= Kalahandi Balangir Koraput Region =

Kalahandi Balangir Koraput Region is a region in Odisha, India.

The districts of Southern and Western Odisha are regarded as the most backward region by the planning commission, which re-designated some of these districts as KBK (Kalahandi-Balangir-Koraput). During 1992–93, the three larger districts were re-organized into eight districts viz. Malkangiri, Koraput, Nabrangpur, Kalahandi, Rayagada, Nuapada, Balangir and Sonepur. These eight districts comprise 14 Subdivisions, 37 Tehsils, 80 CD Blocks, 1,437 Gram Panchayats and 12,293 villages. The eight districts which form the KBK region account for 19.72% of the population and 30.59% geographical area of the State.

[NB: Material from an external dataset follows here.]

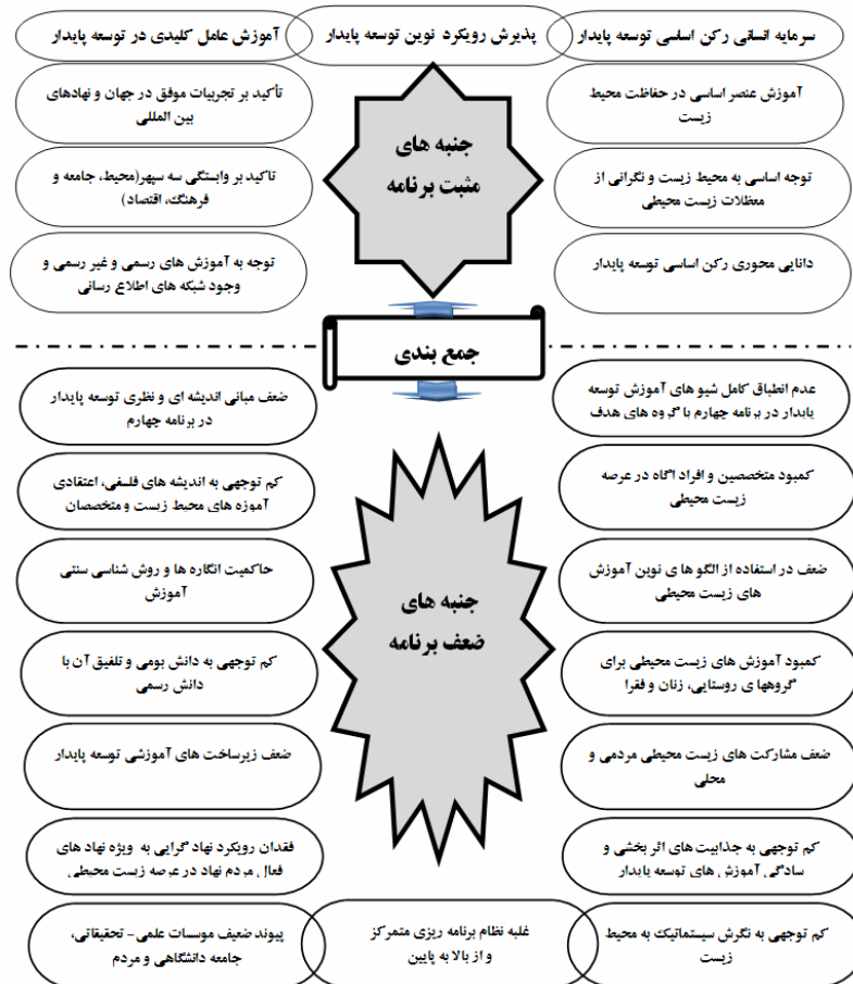
شکل ۳: جنبه‌های مثبت و منفی برنامه چهارم توسعه ایران بر اساس اهداف دهه ملل (ESD)

بنابراین، نگاهی گذرا به یافته‌های تحقیق، نشان داد که در محتویات برنامه چهارم حداقل از بعد اندیشه‌ای، سیاست‌گذاری و قانونگذاری گام‌های آرام برای گذار از توسعه کلاسیک به توسعه پایدار شروع شده است. بطوری که تلاش کرده است گزینه‌های قابل انتخاب برای مردم را در مورد توسعه پایدار و محیط زیست افزایش دهد و با زمینه سازی برای مشارکت و توجه به بخش خصوصی و مدنی در این محورها، برنامه را به برنامه الگوی یادگیری نزدیک سازد و مردم را از گیرنده و دهنده صرف اطلاعات به مشارکت در فرآیند مدیریت و برنامه ریزی فرا خواند. در جهت گیری‌های کلان و هم در حوزه‌های بخشی برنامه ریزی برنامه چهارم نیز این حرکت قابل تامل و مشاهده است و اینها نشان از همراهی ج.ا.ا با چالش اساسی جهان در زمینه توسعه پایدار و محیط زیست دارد. اما تا رسیدن به اهداف دهه ESD و تحقق ارزش‌ها و اصول بنیادین توسعه پایدار گام‌ها فاصله وجود دارد.

Around 90% of the people of this region still live in villages. Female literacy is only 24.72%. As per the 1997 census of BPL families, about 72% of the families residing here are below poverty line, compared to 82% per the 1992 census. More specifically, 49 CD Blocks of KBK districts are regarded as "very backward" and 28 CD blocks as "backward". Persistent crop failure, lack of access to basic services, starvation, malnutrition and migration are the leading manifestations in the region.

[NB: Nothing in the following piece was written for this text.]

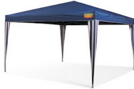
Zeltgröße 3,0 x 4,0 m Packmaß: 24 x 26 x 130 cm Gewicht: ca. 17 kg

Other socio-economic indicators including population composition and density, net area irrigated, hospital beds, and connectivity of villages (due to criss-crossed terrains) to growth centres and service centres are also far from satisfactory.

The KBK districts have been historically rich in forest resources. Though the people have been using these forests very intensively and eking out their livelihood from this source, forests of this region have not received adequate investments and managerial inputs over time. Intensive use of forests for sustenance coupled with lack of insufficient investments and managerial inputs are, thus, continuously leading to forest degradation. Although one third (16,131 km^{2}.) of the geographical area of this region is recorded as forests, only 11.3% (5,473 km^{2}) is actually dense forest (i.e., with crown density over 40%) as per satellite imagery data. It has been further ascertained that 9% (4,332 km^{2}.) forest area is completely devoid of vegetal cover. Another 13.5% (6,327 km^{2}) forests are open having crown density more than 10% but less than 40%.

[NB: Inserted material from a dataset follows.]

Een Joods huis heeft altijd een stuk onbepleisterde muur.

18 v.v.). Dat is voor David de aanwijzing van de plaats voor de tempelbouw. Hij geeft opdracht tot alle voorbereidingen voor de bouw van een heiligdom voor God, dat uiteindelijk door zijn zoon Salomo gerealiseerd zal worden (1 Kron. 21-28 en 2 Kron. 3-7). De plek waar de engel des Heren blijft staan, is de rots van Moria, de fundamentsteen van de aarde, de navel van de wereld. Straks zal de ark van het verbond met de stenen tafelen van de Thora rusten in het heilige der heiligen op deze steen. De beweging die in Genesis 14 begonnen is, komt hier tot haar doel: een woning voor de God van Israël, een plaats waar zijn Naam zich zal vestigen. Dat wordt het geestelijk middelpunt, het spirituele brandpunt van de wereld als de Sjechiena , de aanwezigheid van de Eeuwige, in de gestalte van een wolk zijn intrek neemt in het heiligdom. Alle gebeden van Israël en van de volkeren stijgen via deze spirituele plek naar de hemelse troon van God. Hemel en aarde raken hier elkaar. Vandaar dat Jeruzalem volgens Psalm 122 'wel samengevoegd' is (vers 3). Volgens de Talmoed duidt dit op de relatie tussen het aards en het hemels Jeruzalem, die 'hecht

The old Koraput and Kalahandi districts and portions of Bolangir districts are mainly hilly. Severe droughts and floods also often visit this region and some areas in quick succession. Therefore, backwardness of this region is multi-faceted: (i) tribal backwardness, (ii) hill area backwardness, (iii) backwardness due to severe natural calamities and (iv)apathy of state and central government towards this region.